O relatório já se encontra lançado no sistema E-Jud, o que


dispensa sua repetição, na forma regimental (art. 92, caput, do RITJRJ).

II – VOTO

Presentes as condições recursais (legitimidade, interesse e


possibilidade jurídica) e os pressupostos legais (órgão investido de jurisdição,
capacidade recursal das partes e regularidade formal - forma escrita,
fundamentação e tempestividade), a apelação deve ser conhecida.

Inicialmente, cabe ressaltar que a sentença foi prolatada sob a


égide do Código de Processo Civil de 2015.

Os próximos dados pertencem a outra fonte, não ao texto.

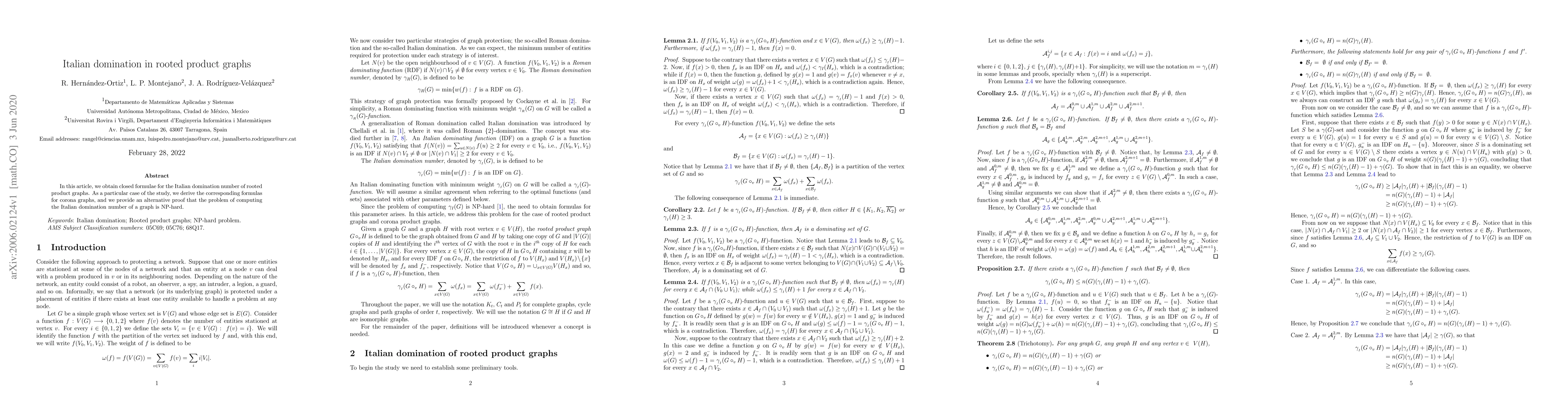 The research derives closed-formulae for the Italian domination number of rooted product graphs, including corona graphs as a specific case. It also provides an alternative proof for the NP-hardness of computing the Italian domination number of a graph.
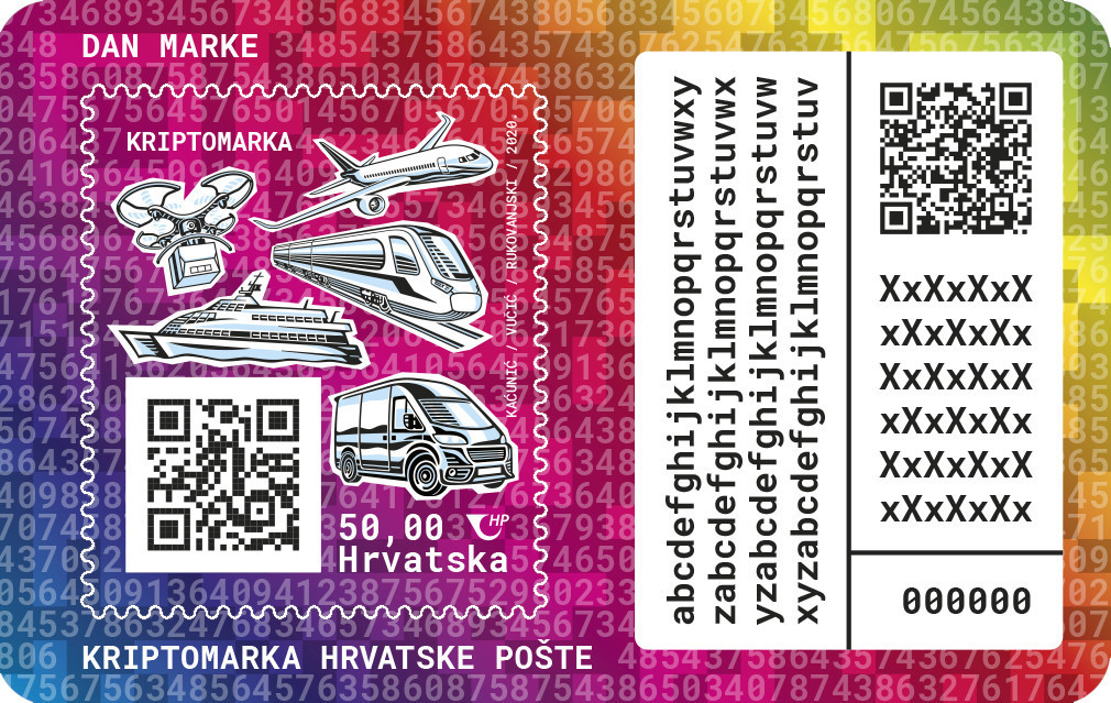 Hrvatska pošta će povodom Dana marke, 9. rujna 2020., pustiti u optjecaj prvu hrvatsku Kriptomarku. Marka je izdana u pet kategorija s pet različitih motiva koji prikazuju prijevozna sredstva: kombi (60.000 primjeraka), vlak (25.000 primjeraka), brod (10.000 primjeraka), zrakoplov (4000 primjeraka) i dron (1000 primjeraka).

A relação jurídica estabelecida entre as partes é de consumo,


inserindo-se a autora no conceito de consumidor previsto no artigo 2º da Lei nº
8.078/90, e a ré no conceito de fornecedor de serviços, nos termos do artigo 3º, §
2º, da mesma Lei nº 8.078/90. Dessa forma, sujeitam-se as partes à aplicação
das normas do Código de Defesa do Consumidor.

Aplica-se ao caso em tela o previsto no artigo 14, caput, do


Código de Defesa do Consumidor, que estabelece a responsabilidade objetiva do
fornecedor de serviços pela prestação do serviço de forma defeituosa.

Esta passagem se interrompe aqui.